(Beginning of RECORDED INFORMATION)

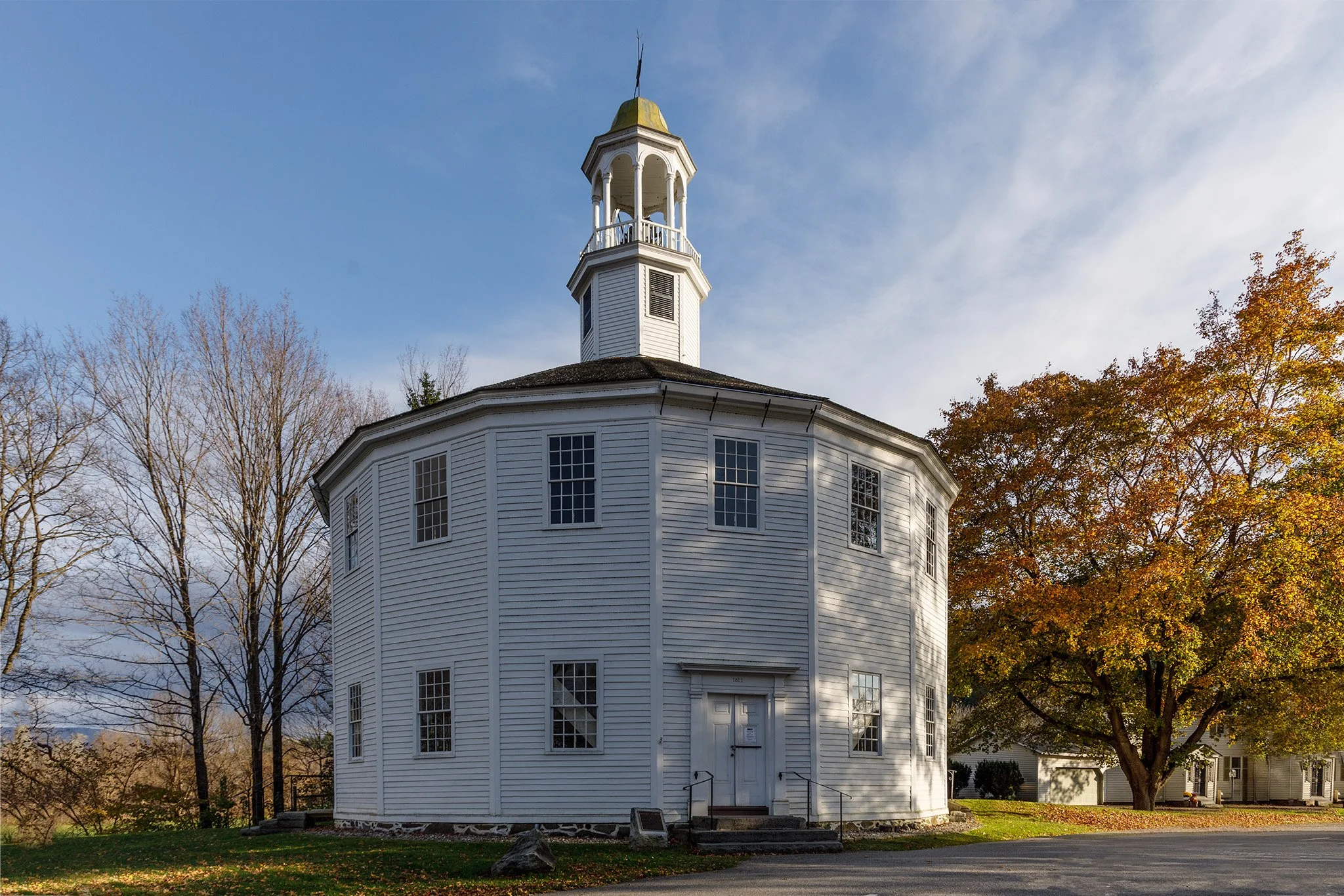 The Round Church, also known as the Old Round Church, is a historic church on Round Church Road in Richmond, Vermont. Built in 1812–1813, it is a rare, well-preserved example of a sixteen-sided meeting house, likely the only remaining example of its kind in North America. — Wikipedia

(End of RECORDED INFORMATION)
(Beginning of RECORDED INFORMATION)

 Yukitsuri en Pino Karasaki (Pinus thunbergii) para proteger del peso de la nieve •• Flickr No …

(End of RECORDED INFORMATION)
(Beginning of RECORDED INFORMATION)

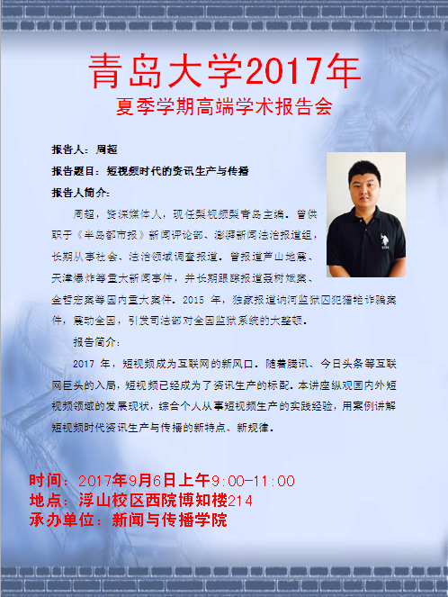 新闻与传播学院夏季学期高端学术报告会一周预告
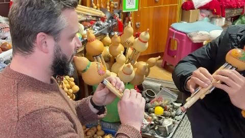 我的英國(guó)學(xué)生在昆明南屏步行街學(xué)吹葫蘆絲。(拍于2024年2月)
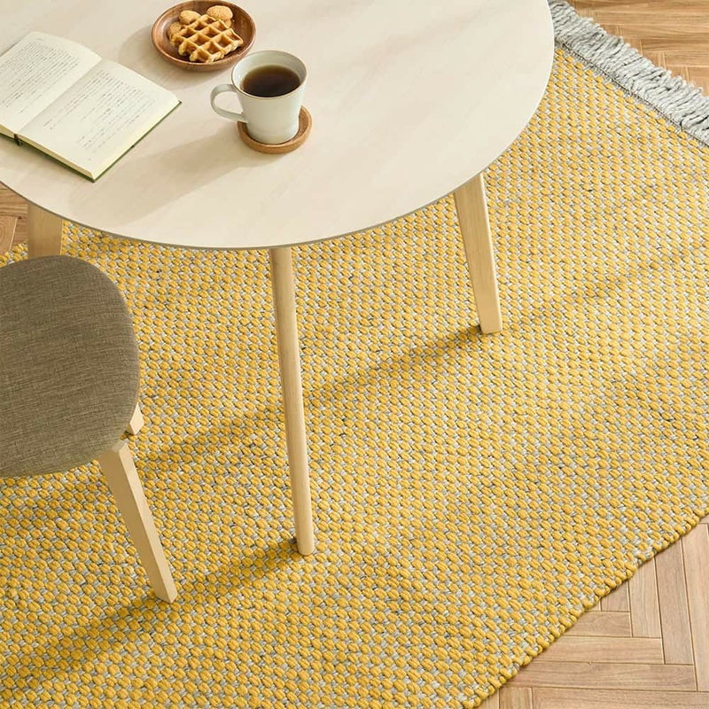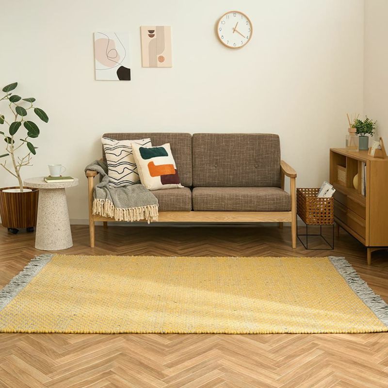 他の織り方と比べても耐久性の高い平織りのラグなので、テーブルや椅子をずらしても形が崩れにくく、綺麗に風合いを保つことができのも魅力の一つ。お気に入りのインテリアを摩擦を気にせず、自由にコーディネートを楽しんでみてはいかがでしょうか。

(End of RECORDED INFORMATION)

PROBLEM DESCRIPTION:
Above are the records; copy exactly the lines from the one with "新闻与传播学院夏季学期高端学术报告会一周预告" through the one with "他の織り方と比べても耐久性の", including both, and nothing more. Leave out pictures.

SOLUTION TO THIS TASK:
 新闻与传播学院夏季学期高端学术报告会一周预告
 我的英國(guó)學(xué)生在昆明南屏步行街學(xué)吹葫蘆絲。(拍于2024年2月)
 他の織り方と比べても耐久性の高い平織りのラグなので、テーブルや椅子をずらしても形が崩れにくく、綺麗に風合いを保つことができのも魅力の一つ。お気に入りのインテリアを摩擦を気にせず、自由にコーディネートを楽しんでみてはいかがでしょうか。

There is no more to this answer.